You can buy boards with it disabled, some Dell devices have the option to disable it, some flashing can be done on mobos to clear ME unofficially, but assume everything has it unless you only otherwise.
It changes the scope from "access to device = no security" to "access to device by NSA people with a very specific set of skills and most likely some prep work = no security" and I won't fight it, it's right. Not possible for the random HN user though and it still means some very specific circumstances.
Circumstances that need someone to compromise my laptop at some point after it got out of the factory.
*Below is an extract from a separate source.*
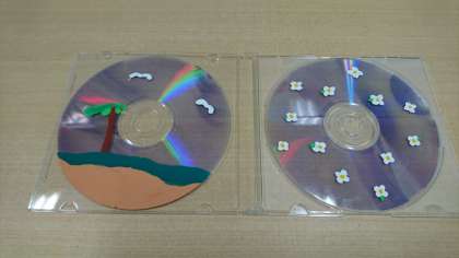 作業学習の時間に、CD盤に色を塗って、鳥除けを作りました。
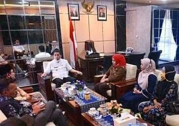 Usaha Mikro Kecil Menengah (UMKM) Kota Sawahlunto, Sorbat Puncer produk rumah tangga, Muharti dan Sandal Songket buatan Rachma Indika kedua warga Saringan Kecamatan Barangin Kota Sawahlunto, mengunjungi Walikota Sawahlunto Deri Asta diruang kerjanya, Jumat (19/3)

From reading the Wikipedia article it's not clear ME leaves a backdoor or store user passwords or keys somewhere on the computer in case an NSA agent needs to access data.
I think my encrypted devices are safe, unless the NSA or a nation state wants its data.
Hmm. Seems you need to enable ME in my laptop BIOS.
Can it be easily done if the BIOS is locked down ?
And then what's the next step ? You start the laptop, give it an IP through MAC address on the router or direct Ethernet link, connect to ME but how do you get to the data off of the encrypted partition/OS ?
I feel this extends to surveillance of this type: the threat seems much less important if it can only be conducted when access to the individual is already required.
Say we’ve followed some chap around and identified this issue with his phone or watch etc - and we can then keep tracking this chap on the proviso that we are nearby to confirm an ID, he has those items with him and we have our sensors ready and waiting.
Like… why not just follow the guy then.